A person convicted of an attempt may be fined or imprisoned *976or both not to exceed the maximum provided for the offense attempted but, except for an attempt to commit the offense defined in Section 33A-2 of this Act.
(1) the sentence for attempt to commit murder shall not exceed the sentence for a Class 1 felony;
(2) the sentence for attempt to commit a Class 1 felony shall not exceed the sentence for a Class 2 felony;
(3) the sentence for attempt to commit a Class 2 felony shall not exceed the sentence for a Class 3 felony; and
(4) the sentence for attempt to commit any felony other than those specified in Subsections (1), (2) and (3) hereof shall not exceed the sentence for a Class 4 felony.” (Amended by Pub. Act 77-2638, § 1, effective Jan. 1, 1973; Pub. Act. 78-342, § 1, effective Oct. 1, 1973.)

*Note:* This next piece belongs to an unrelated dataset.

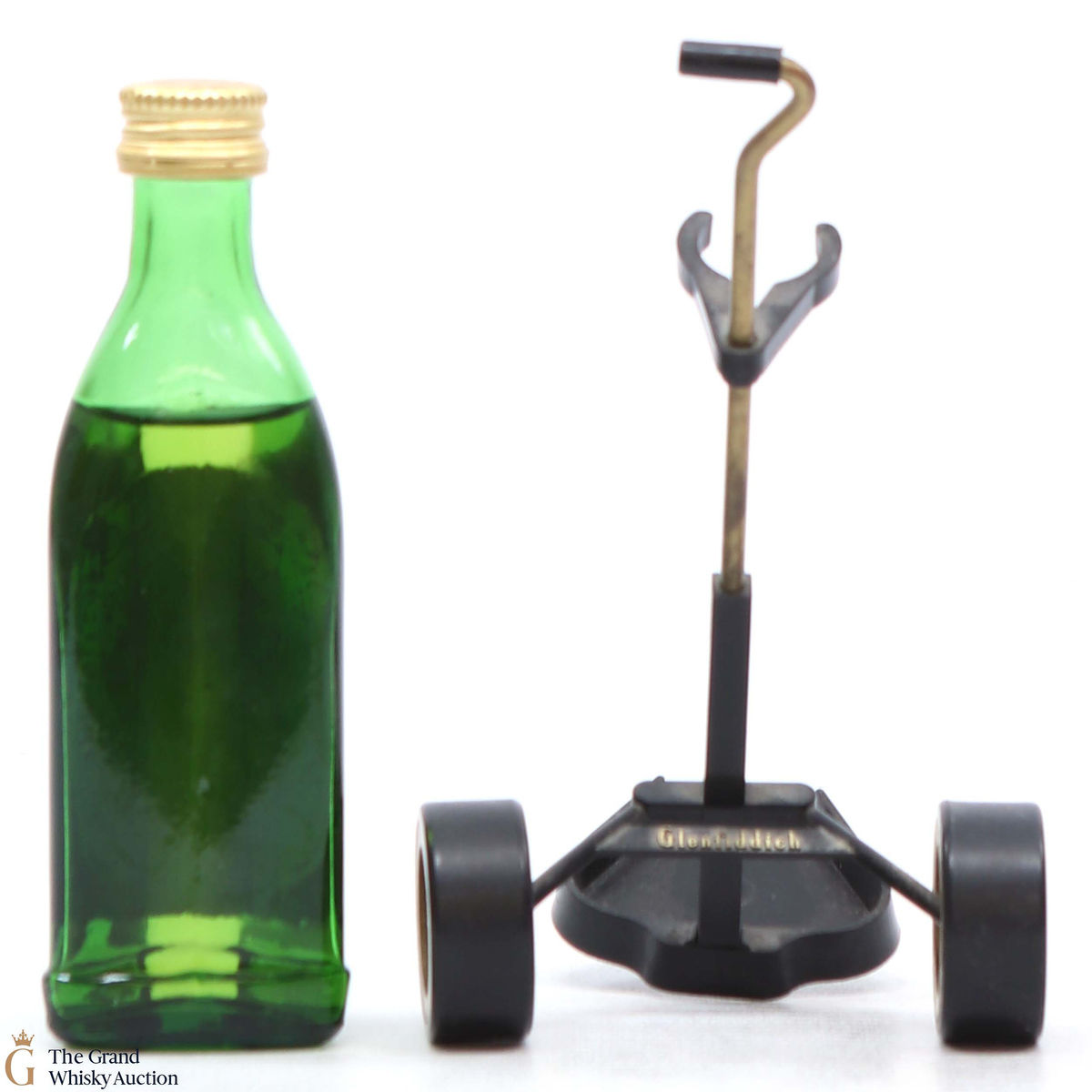 This miniature 5cl bottling of Glenfiddich comes with a mini golf trolly stand!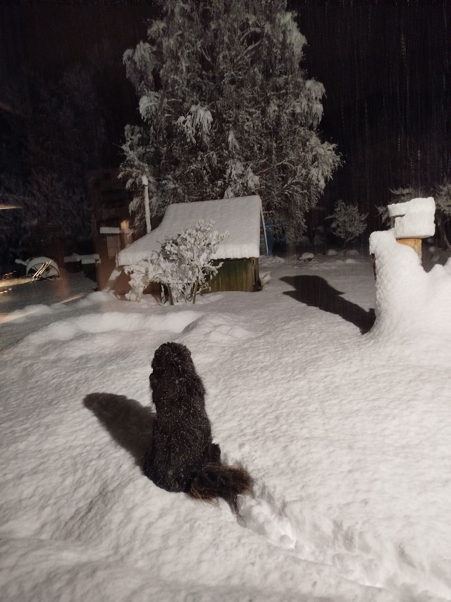 Suur hoov on ilus asi seni, kui hädapärase liikumise jaoks on vaja pea pool km teeradu nügida. Õhtul enne magamaminekut vaatasin netist, et ah, lubavad kuni 10cm, see pole nii palju, hommikul otsin kuurist labida et saan maja esise ära lükata ja auto ümbert, et lapsed väga hullusti lund sisse ei tassi. Ärkasin toas magada nohisenud koera õueküsimise peale natuke enne poolt 6t. Tegin esikus ukse lahti ja vaatasime mõlemad hämmeldunult õue. Koer vaatas uksest välja ja mind, uuesti välja ja mind. Kõhkles tükk aega, kas on ohutu minna. Samal ajal kui mina ohkisin, et issand kus on nüüd visanud alles. Tegin kohvi ja võikud ning pugesin tagasi teki alla, poole tunni pärast hakkan, praegu küll ei lähe labidat otsima. Näis et lund oli 20-25cm. Niipalju siis 10st.

Rape is a Class 1 felony, (ch. 38, § 11 — 1(c).) The sentence for a rape attempt may not exceed the penalty for a Class 2 felony, namely, 1 to 20 years. The present sentence of 4 to 10 years (now reduced to 3 years 4 months to 10 years) is therefore correct and the defendant is not entitled to the benefit of a punishment as a Class 4 felony.

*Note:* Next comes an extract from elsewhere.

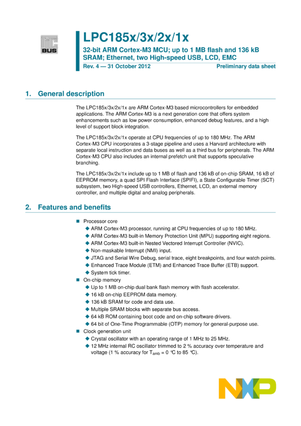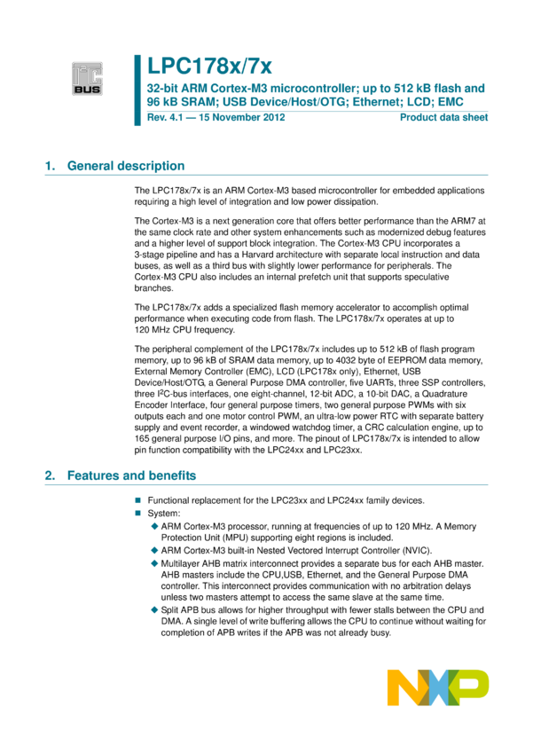 32-bit ARM Cortex-M3 microcontroller; up to 512 kB flash and 96 kB SRAM; USB Device/Host/OTG; Ethernet; LCD; EMC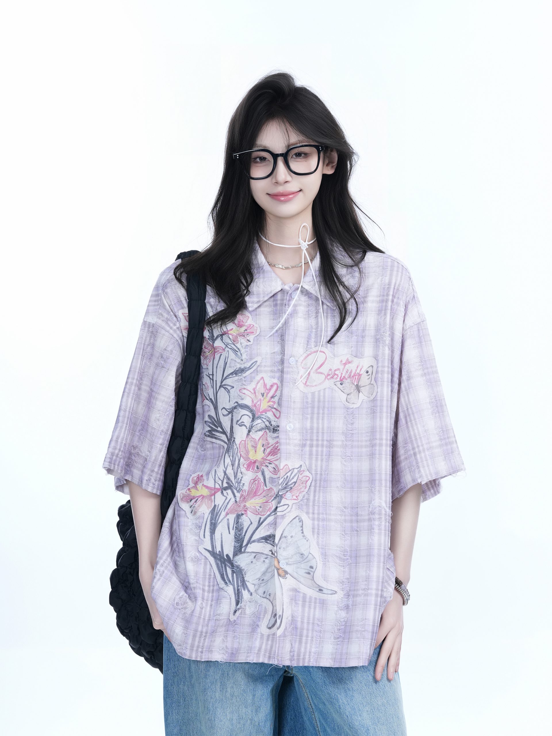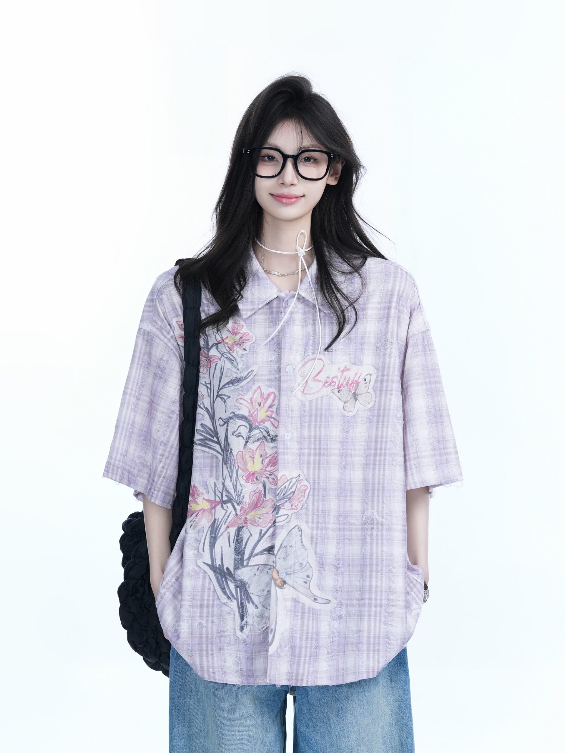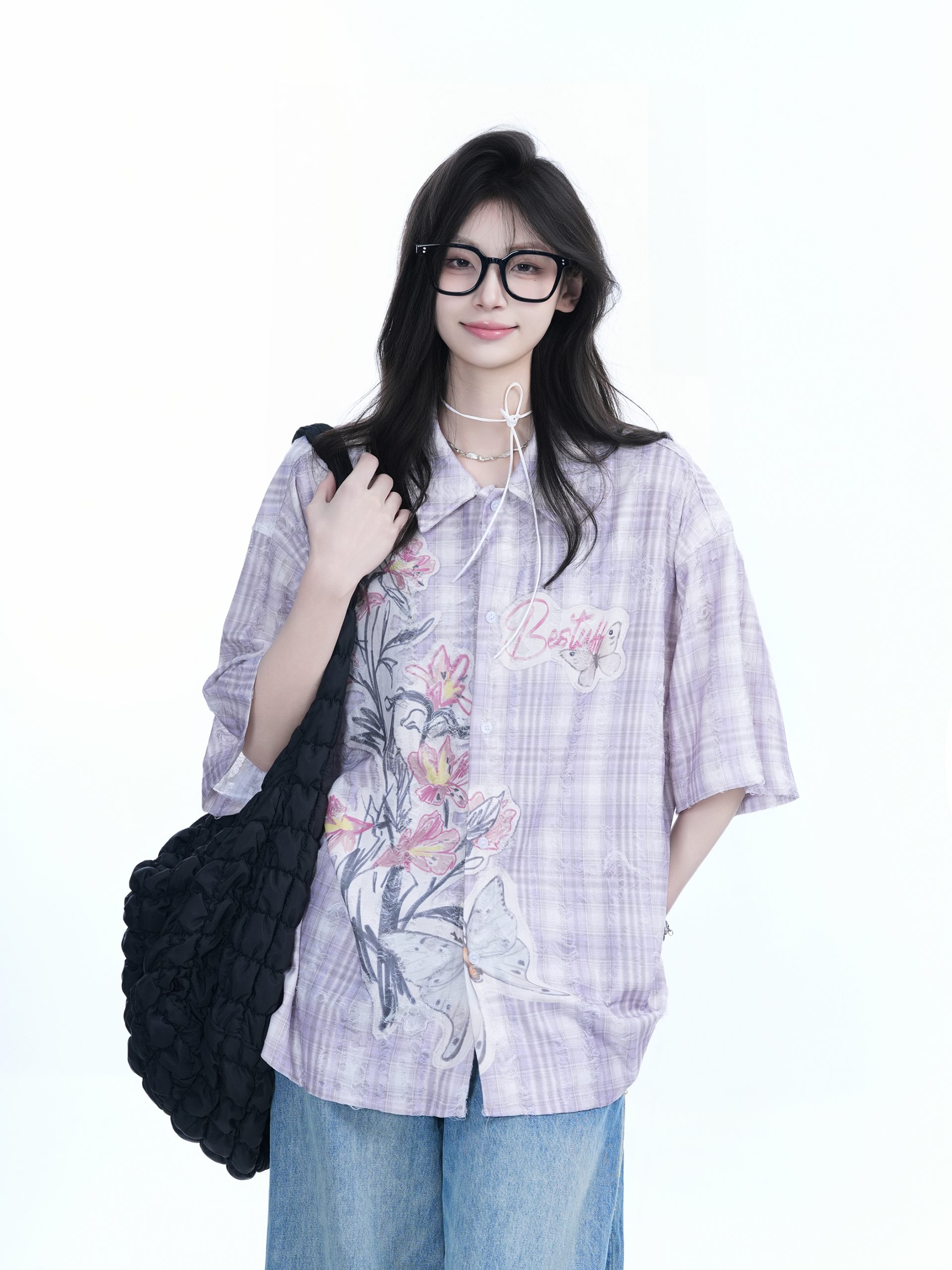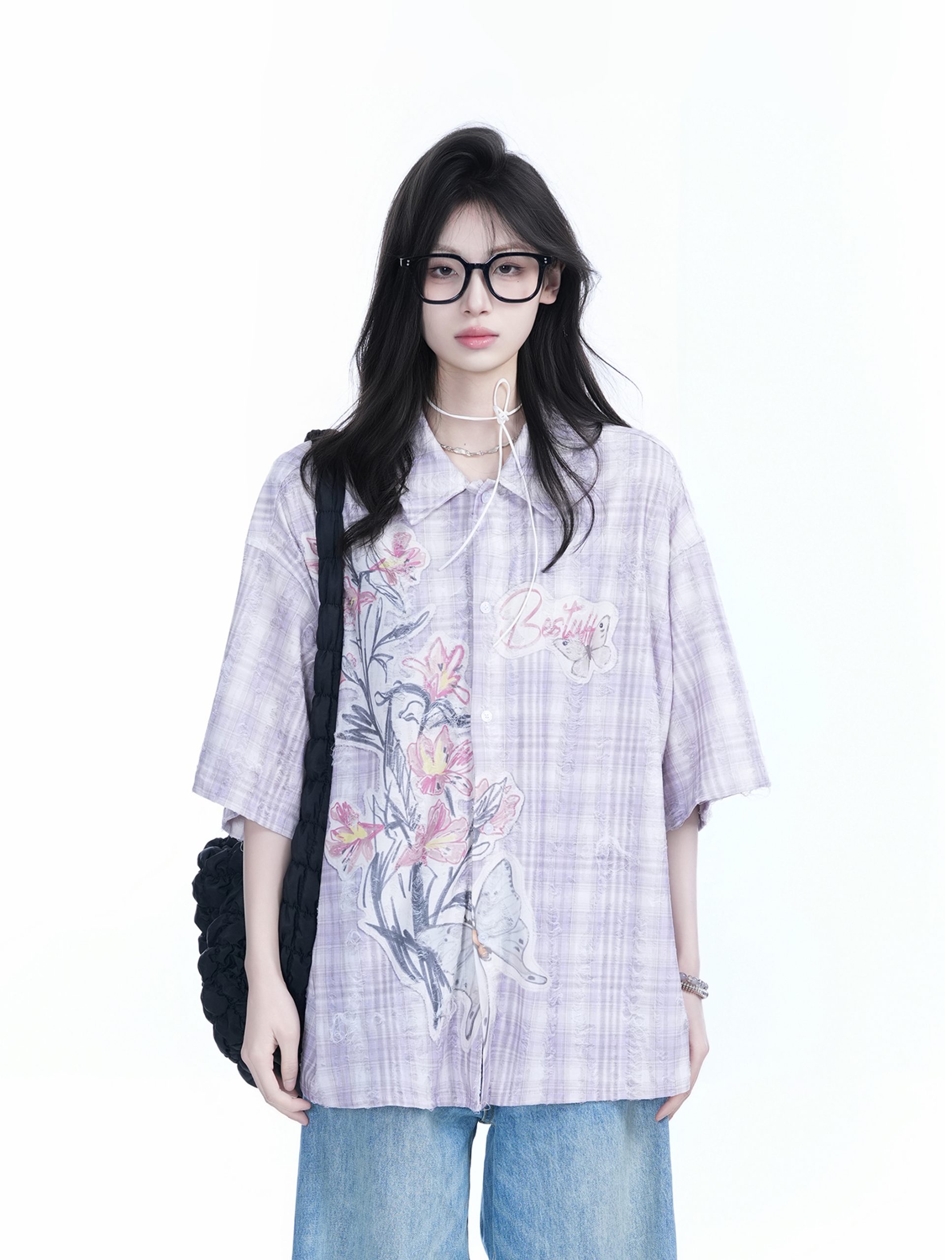 Floral Embroidery Pink Purple Checkered Short Sleeve Shirt Women Loose Fit, Y2K High-quality product featuring prom dresses, spring outfits, business casual outfits and more. Modern design that fits the latest trends. Premium materials ensure durability and comfort. Order now for special offers! Product designed with attention to every detail. Suitable for all occasions and personal styles.

The defendant also argues that the two offenses arose out of the same transaction against the same person by the same person at the same time and place and that one crime is an included part of the other. Here the facts disclosed that preliminarily the defendant undressed the victim from the waist down, forced her to put her lower limbs over his shoulders and forcefully placed his mouth against her vagina and other parts of her body. Thereafter he forced her to lie on her back and took overt steps to accomplish the crime of rape. The two acts have been recognized by the courts as separate and distinct offenses and not part of one single transaction. The case of People v. Scott, 14 Ill.App.3d 211, 302 N.E.2d 146, affd in pt. and rev’d in pt., 57 Ill.2d 353, cited by the defendant in his motion, involved an accomplished rape followed by an attempted forced deviate sexual assault. The appellate court there found the offenses separate and sustained concurrent sentences. See also People v. Miller, 7 Ill.App.3d 878, 289 N.E.2d 23; and People v. Moore, 51 Ill.2d 79, 281 N.E.2d 294.

The finding and sentence on the charge of deviate sexual assault is affirmed, the finding on the charge of rape (attempt) is affirmed and the sentence reduced to not less than 3 years 4 months nor more than 10 years, said sentences to run concurrently.

Affirmed, and sentence reduced in part.

T. MORAN, P. J., and SEIDENFELD, J., concur.